Отдаляющийся берег. Роман-реквием - Адян Левон. Страница 41

— Работает. Просто я его отключил, чтобы не позвали выступать.

— Хотя бы мне сказал. А то я звоню, звоню… Весь вечер звонил. Видал, что сделал эта проститутка Катусев?

— Не видел, но слышал. Не надо было этого делать.

— На словах все люди одинаковы, различия между ними выявляют одни только поступки. На его совести, если только у такого есть совесть, кровь невинных жертв.

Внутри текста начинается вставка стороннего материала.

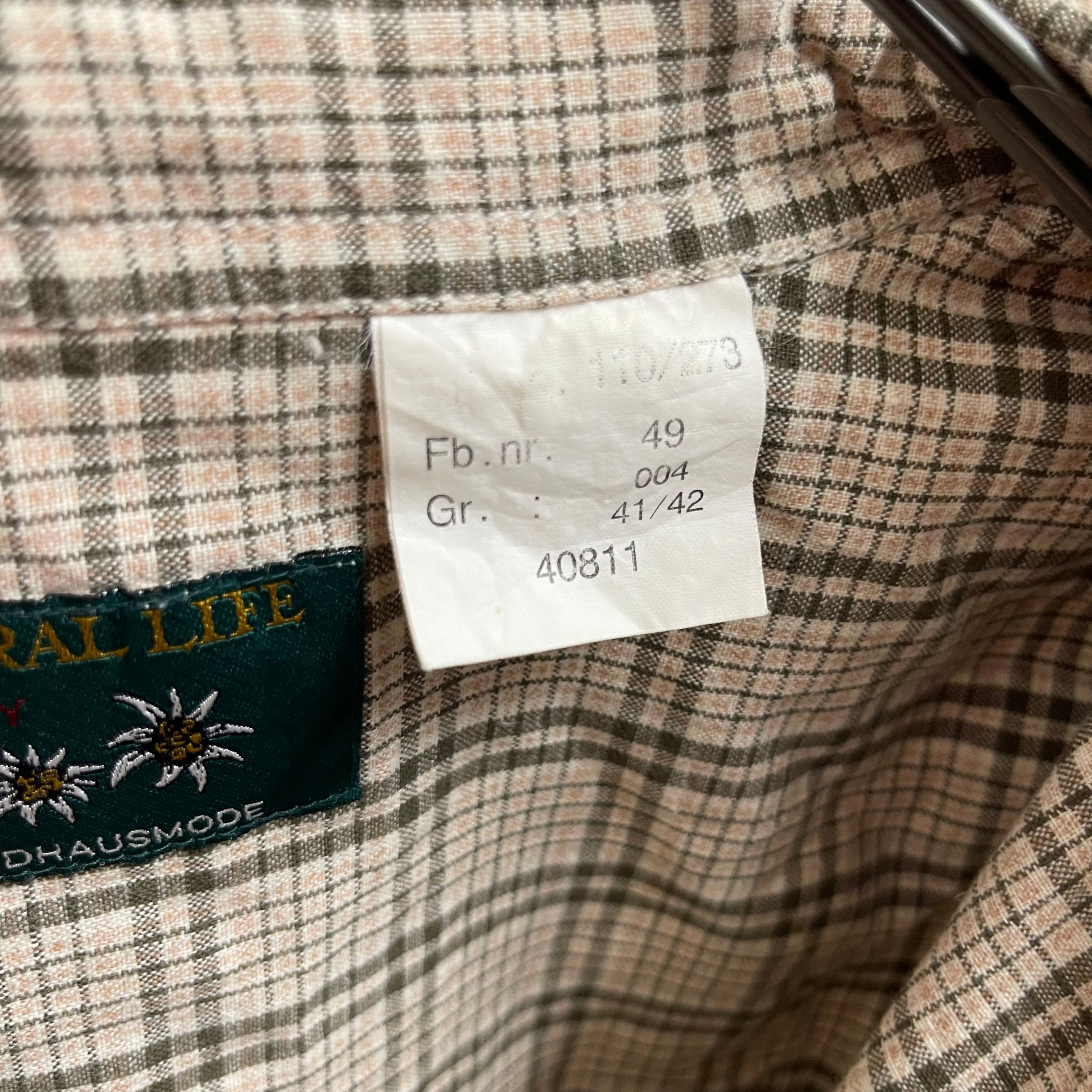 『VINTAGE NATURAL LIFE checked wood button bird leaf embroidery Cotton big silhouette over size Tyrol Tyrolean shirt』USED 古着 ナチュラルライフ ヴィンテージ ウッド ボタン バード 鳥 リーフ 刺繍 コットン ビッグ シルエット オーバー サイズ チェック チロル チロリアン シャツ

— Каких жертв? — очнулся я.

— Говорят, в каком-то общежитии заваруха случилась, — уклончиво сказал Сиявуш. — Есть жертвы.

— Здесь, в Баку?

— Нет… В Сумгаите.

— Да что ты? — Я срочно включил телефон, набрал номер наших. Никто не отвечал. — Дома никого нет, — встревоженно сказал я. — Интересно, куда они пошли.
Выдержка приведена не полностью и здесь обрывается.